- Based on: The Doll Factory by Elizabeth Macneal
- Written by: Charley Miles
- Directed by: Sacha Polak
- Countries of origin: United Kingdom; Ireland;
- Original language: English
- No. of episodes: 6

Production
- Executive producers: Anna Burns; Elizabeth Macneal; Charley Miles; Richard Tulk-Hart; Tony Wood;
- Production companies: Buccaneer Media; Shinawil;

Original release
- Network: Paramount+
- Release: 27 November – 1 December 2023

= The Doll Factory (TV series) =

The Doll Factory is a period thriller television series based on the novel of the same name by Elizabeth Macneal, adapted by Charley Miles for Paramount+. The series premiered on 27 November 2023, with all episodes released on 1 December 2023.

==Cast==
===Supporting===
- Nell Hudson as Clarissa Frost, Louis' sister
- Aysha Kala as Ananya
- Liadán Dunlea as Flick, a past love of Silas'
- Hannah Onslow as Lizzie Siddal, Pre-Raphaelite model
- Nia Deacon as Evie, Albie's sister
- Alexandra Dowling as Sylvia, Louis' wife
- Mali Harries as Moll
- Charlotte Bate as Kathleen
- Shane Lennon as Charles

==Episodes==

| No. | Title | Directed by | Written by | Original release date |
|---|---|---|---|---|
| 1 | "Episode 1" | Sacha Polak | Unknown | November 27, 2023 |
| 2 | "Episode 2" | Sacha Polak | Unknown | November 27, 2023 |
| 3 | "Episode 3" | Sacha Polak | Unknown | November 28, 2023 |
| 4 | "Episode 4" | Unknown | Unknown | November 29, 2023 |
| 5 | "Episode 5" | Unknown | Unknown | November 30, 2023 |
| 6 | "Episode 6" | Unknown | Unknown | December 1, 2023 |

==Production==
In July 2022, it was announced the UK and Ireland wing of Paramount+ had commissioned a six-part adaptation of Macneal's novel from Buccaneer Media, with Shinawil handling local production in Ireland. Charley Miles would adapt the novel, and Sacha Polak would direct the series.

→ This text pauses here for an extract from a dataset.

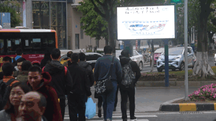 2019年,番禺广场地铁站C出口附近的人行横道上,警方安装了一套闯红灯抓拍系统,行人闯红灯会被拍“大头贴”在路边电子大屏幕上滚动播放曝光。
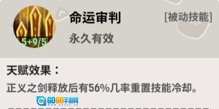 5. **正义之庭**:有概率重置力量祝福的冷却时间。

The cast was announced in November 2022, with Esmé Creed-Miles set to lead the series alongside Éanna Hardwicke, Mirren Mack, and George Webster. Also joining the series were Pippa Haywood, Sharlene Whyte, Reece Kenwyne-Mpudzi, Freddy Carter, Saoirse-Monica Jackson, Laurie Kynaston, Jim Caesar, Akshay Khanna, Aysha Kala, and Nell Hudson.

Principal photography was under way in and around Dublin as of November 2022. Filming was reported at Trinity College Dublin in January 2023, specifically in the Museum Building and the Physics Lecture Theatre.